Chapter 5: Code Complexity Analysis

Key Concepts

Fundamentals of Cyclomatic Complexity

Cyclomatic complexity is an important metric for measuring program complexity:

graph TD
    A[Cyclomatic Complexity] --> B[Linear Code Flow]
    A --> C[Branch Statements]
    A --> D[Loop Statements]
    A --> E[Exception Handling]

    B --> B1[V = 1]
    C --> C1[if/elif/else +1]
    C --> C2[Conditional Expression +1]
    D --> D1[for/while +1]
    D --> D2[Nested Loops +n]
    E --> E1[try/except +1]
    E --> E2[Multiple except +n]

Pylint Complexity Check Types

Code Examples

Cyclomatic Complexity Analysis and Optimization

# High complexity code example (Cyclomatic Complexity = 8)
def process_user_data(user_data):  # pylint: disable=too-many-branches
    """Process user data - high complexity version"""
    if not user_data:  # +1
        return None

    if 'email' not in user_data:  # +1
        if 'username' in user_data:  # +1
            email = f"{user_data['username']}@example.com"
        else:
            return None
    else:
        email = user_data['email']

    if '@' not in email:  # +1
        return None

    if user_data.get('age', 0) < 13:  # +1
        return None
    elif user_data.get('age', 0) > 120:  # +1
        return None

    if user_data.get('country') == 'CN':  # +1
        if user_data.get('id_card'):  # +1
            return {
                'email': email,
                'age': user_data['age'],
                'verified': True
            }

    return {
        'email': email,
        'age': user_data.get('age', 0),
        'verified': False
    }

# Complexity analysis: Base complexity 1 + 8 branches = 9

# Optimized low complexity code (Cyclomatic Complexity = 4)
def process_user_data_optimized(user_data):
    """Process user data - optimized version"""
    if not user_data:  # +1
        return None

    email = _extract_email(user_data)
    if not email:  # +1
        return None

    age = user_data.get('age', 0)
    if not _is_valid_age(age):  # +1
        return None

    verified = _check_verification(user_data)

    return {
        'email': email,
        'age': age,
        'verified': verified
    }

def _extract_email(user_data):
    """Extract user email"""
    if 'email' in user_data:
        email = user_data['email']
        return email if '@' in email else None

    if 'username' in user_data:  # +1
        return f"{user_data['username']}@example.com"

    return None

def _is_valid_age(age):
    """Check age validity"""
    return 13 <= age <= 120

def _check_verification(user_data):
    """Check user verification status"""
    if user_data.get('country') == 'CN':  # +1
        return bool(user_data.get('id_card'))
    return False

# Main function complexity: 1 + 3 = 4
# _extract_email complexity: 1 + 1 = 2
# _is_valid_age complexity: 1 (no branches)
# _check_verification complexity: 1 + 1 = 2

Function Length Optimization

# Too long function example (50+ statements)
def generate_report(data):  # pylint: disable=too-many-statements
    """Generate report - too long version"""
    # Data validation (10 lines)
    if not data:
        raise ValueError("Data cannot be empty")
    if not isinstance(data, list):
        raise TypeError("Data must be a list")
    if len(data) == 0:
        raise ValueError("Data list cannot be empty")
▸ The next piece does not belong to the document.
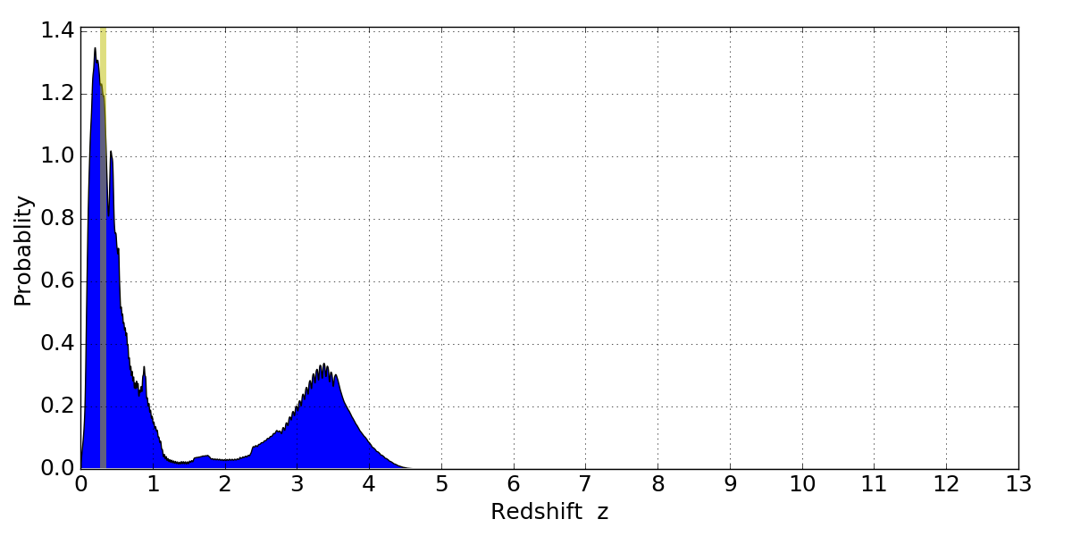 In P(z) plots: Yellow lines mark the cluster redshift z = 0.307,

    # Data preprocessing (15 lines)
    cleaned_data = []
    for item in data:
        if isinstance(item, dict):
            if 'value' in item and 'category' in item:
                cleaned_item = {
                    'value': float(item['value']),
                    'category': str(item['category']).strip().lower(),
                    'timestamp': item.get('timestamp', 'unknown')
                }
                cleaned_data.append(cleaned_item)

    # Statistical calculations (20 lines)
    categories = {}
    total_value = 0
    max_value = float('-inf')
    min_value = float('inf')

    for item in cleaned_data:
        category = item['category']
        value = item['value']

        if category not in categories:
            categories[category] = {
                'count': 0,
                'total': 0,
                'values': []
            }

        categories[category]['count'] += 1
        categories[category]['total'] += value
        categories[category]['values'].append(value)
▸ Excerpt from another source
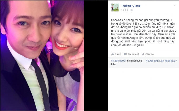 Chia sẻ trên trang cá nhân, Trường Giang cho biết trong showbiz, Hari Won là một trong 2 người con gái mà anh yêu thương nhất. Anh đã từng trải qua cảm giác giống của Har Won nên càng thương cô hơn.
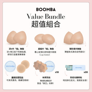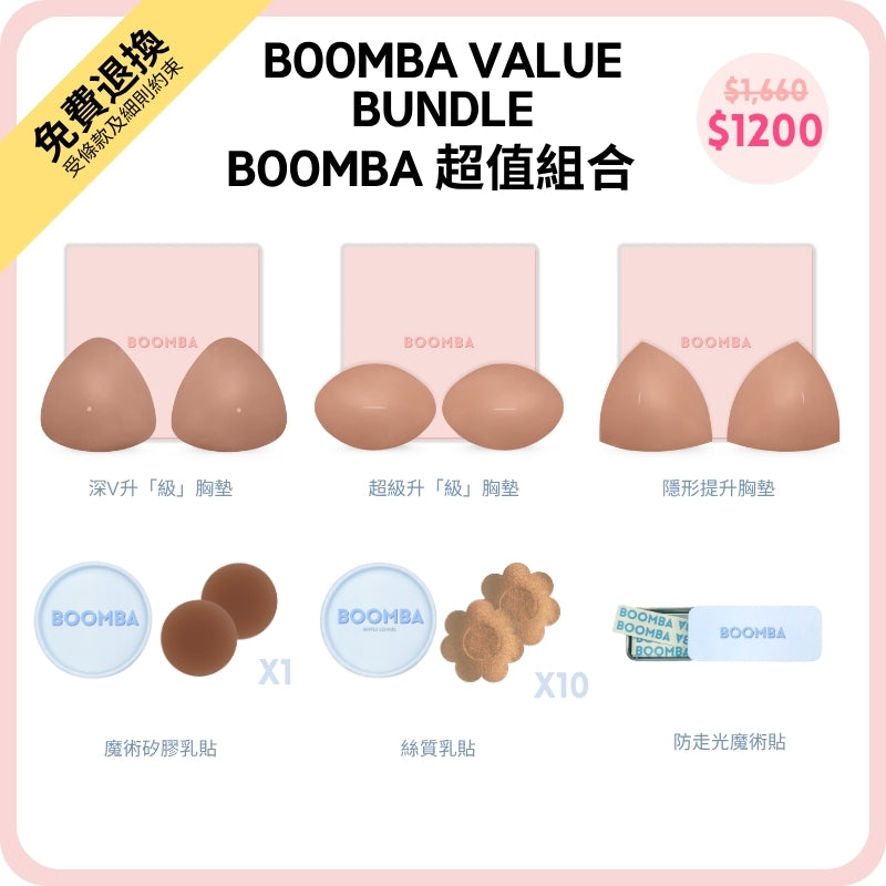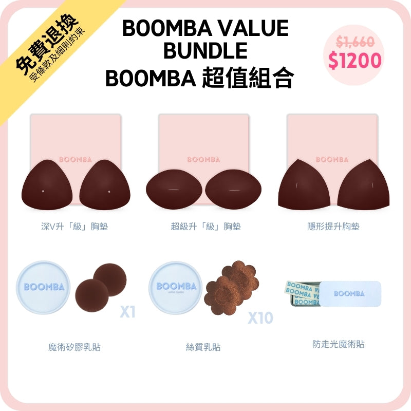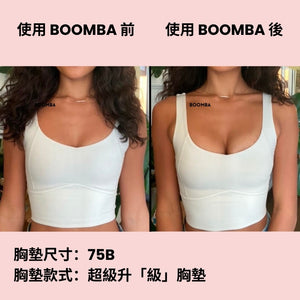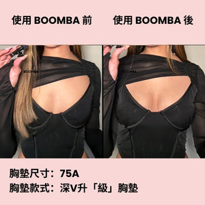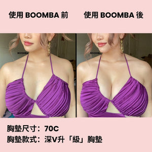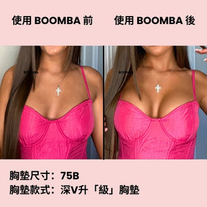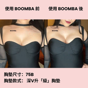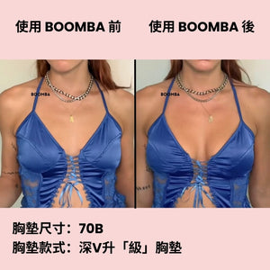 • “BOOMBA 的深V升「級」胸墊並不是在開玩笑說‘升「級」’。作為使用的胸墊最多的產品之一,它為你提供帖服舒適的自然提升效果。”

        total_value += value
        max_value = max(max_value, value)
        min_value = min(min_value, value)

    # Report generation (15 lines)
    report = {
        'summary': {
            'total_items': len(cleaned_data),
            'total_value': total_value,
            'average_value': total_value / len(cleaned_data),
            'max_value': max_value,
            'min_value': min_value,
            'categories_count': len(categories)
        },
        'categories': {}
    }

    for category, stats in categories.items():
        report['categories'][category] = {
            'count': stats['count'],
            'total': stats['total'],
            'average': stats['total'] / stats['count'],
            'max': max(stats['values']),
            'min': min(stats['values'])
        }

    return report

# Optimized function split
class ReportGenerator:
    """Report generator"""

    def generate_report(self, data):
        """Generate report - main entry point"""
        validated_data = self._validate_data(data)
        cleaned_data = self._preprocess_data(validated_data)
        statistics = self._calculate_statistics(cleaned_data)
        return self._format_report(statistics, cleaned_data)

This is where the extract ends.